## TASK GOAL
Down to the last line, repeat the entries exactly and drop any image.

Data items:

=== Begin Enclosure ===

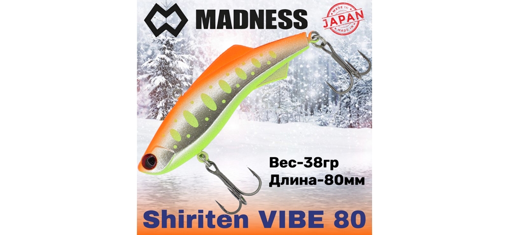 Madness Shiriten Vibe — семейство необычных воблеров-вибов. Дело в том, что вибы MADNESS имеют покрытие из силикона. По мнению производителя, приманки покрытые этим материалом имеют более естественное поведение при проводке, а значит, они более привлекательны для хищника.
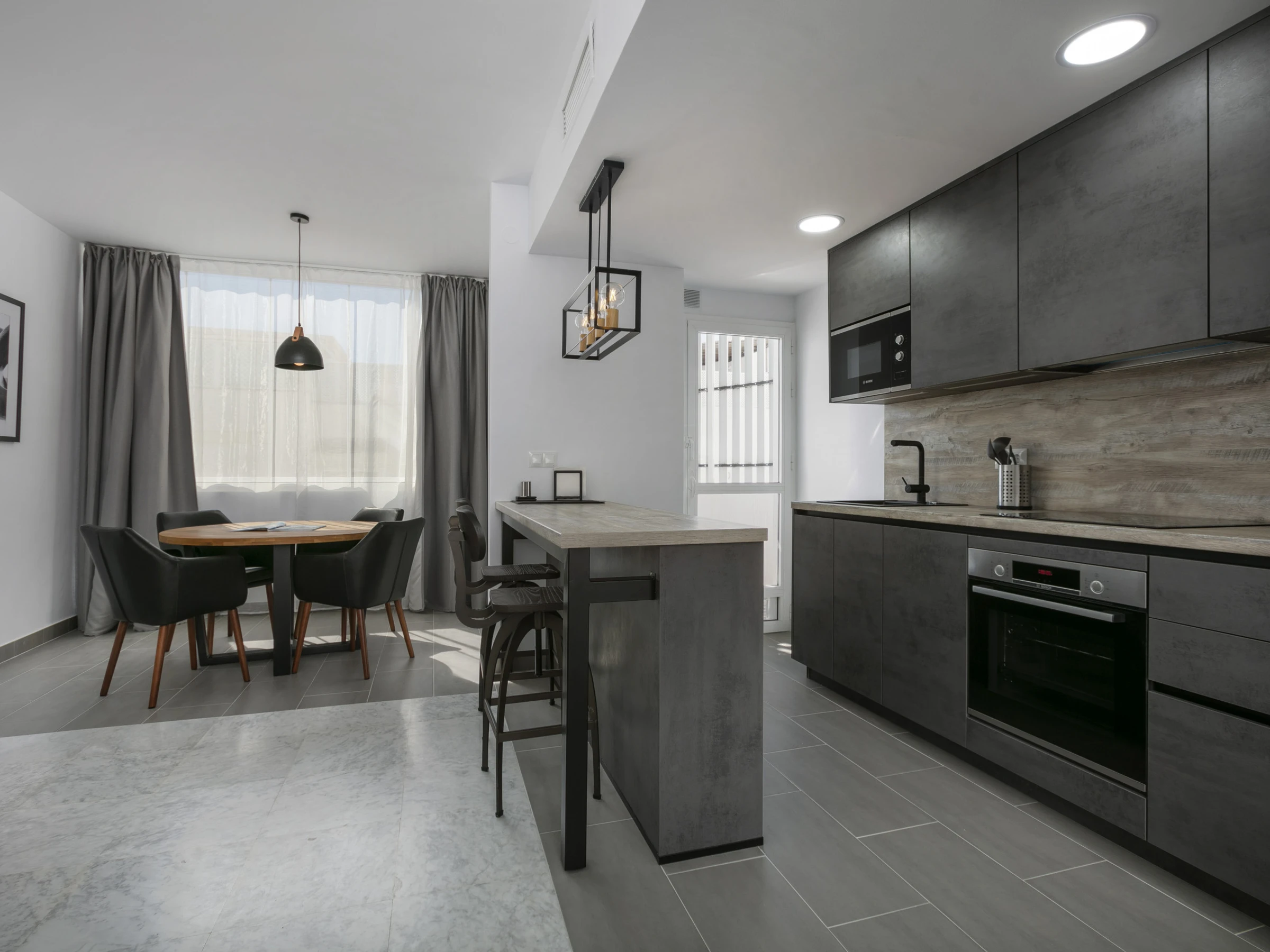 Die Wohnung umfasst einen offenen Wohnbereich, Küche und Essbereich, mit neuen Möbeln und Geräten im gesamten Raum. Der gesamte Bereich ist hell und offen, perfekt zum Sozialisieren und Entspannen mit der Familie auf den gemütlichen Sofas und Sesseln oder im Essbereich mit Blick aufs Meer. Der Flur führt zum Hauptschlafzimmer mit Kingsize-Bett und geräumigem Badezimmer mit Walk-in-Dusche.
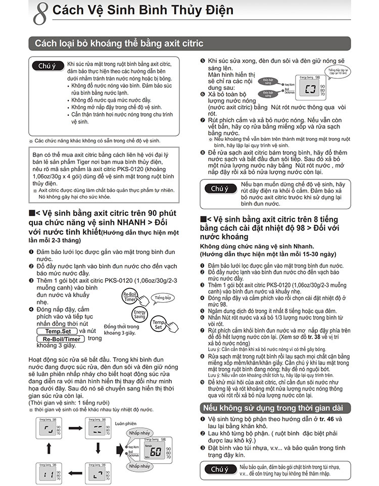 * Nếu bạn đang sử dụng bình thủy điện Tiger có chức năng làm sạch bằng Acid Citric, hãy làm theo hướng dẫn sử dụng để làm sạch.
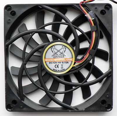 Два вентилятора типоразмера 80 х 80 х 10 мм закреплены в пластиковой рамке, зацепляющейся за рёбра:
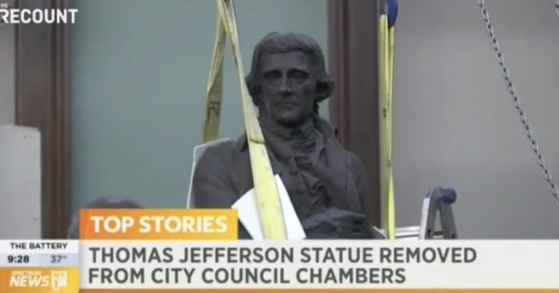 Thompson explained, “Moving this statue doesn’t mean New Yorkers will forget who Thomas Jefferson was — but some of them might learn from the controversy that the man who wrote ‘all men are created equal’ owned over 600 of his fellow humans.”
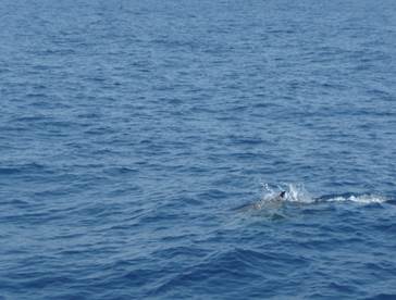On a même vu des dauphins mais bon, y sont pas vraiment sur la photo. Ça saute, ça plonge ces bêtes-là. T’sais jamais ou faut viser.
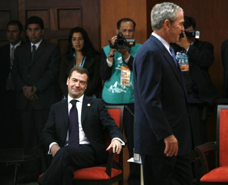 Russian President Dmitry Medvedev looks up as US President George W. Bush passes by during a leaders retreat meeting at the Asia-Pacific Economic Cooperation (APEC) summit in Lima, Peru November 23, 2008. [Agencies]
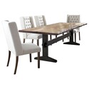 • Benjara Bexly 5pc Dining Set, Honey Brown, 4 Beige Button Tufted Chairs image - 1

=== End Enclosure ===

## EXERCISE ANSWER
 Madness Shiriten Vibe — семейство необычных воблеров-вибов. Дело в том, что вибы MADNESS имеют покрытие из силикона. По мнению производителя, приманки покрытые этим материалом имеют более естественное поведение при проводке, а значит, они более привлекательны для хищника.
 Die Wohnung umfasst einen offenen Wohnbereich, Küche und Essbereich, mit neuen Möbeln und Geräten im gesamten Raum. Der gesamte Bereich ist hell und offen, perfekt zum Sozialisieren und Entspannen mit der Familie auf den gemütlichen Sofas und Sesseln oder im Essbereich mit Blick aufs Meer. Der Flur führt zum Hauptschlafzimmer mit Kingsize-Bett und geräumigem Badezimmer mit Walk-in-Dusche.
 * Nếu bạn đang sử dụng bình thủy điện Tiger có chức năng làm sạch bằng Acid Citric, hãy làm theo hướng dẫn sử dụng để làm sạch.
 Два вентилятора типоразмера 80 х 80 х 10 мм закреплены в пластиковой рамке, зацепляющейся за рёбра:
 Thompson explained, “Moving this statue doesn’t mean New Yorkers will forget who Thomas Jefferson was — but some of them might learn from the controversy that the man who wrote ‘all men are created equal’ owned over 600 of his fellow humans.”
On a même vu des dauphins mais bon, y sont pas vraiment sur la photo. Ça saute, ça plonge ces bêtes-là. T’sais jamais ou faut viser.
 Russian President Dmitry Medvedev looks up as US President George W. Bush passes by during a leaders retreat meeting at the Asia-Pacific Economic Cooperation (APEC) summit in Lima, Peru November 23, 2008. [Agencies]
 • Benjara Bexly 5pc Dining Set, Honey Brown, 4 Beige Button Tufted Chairs image - 1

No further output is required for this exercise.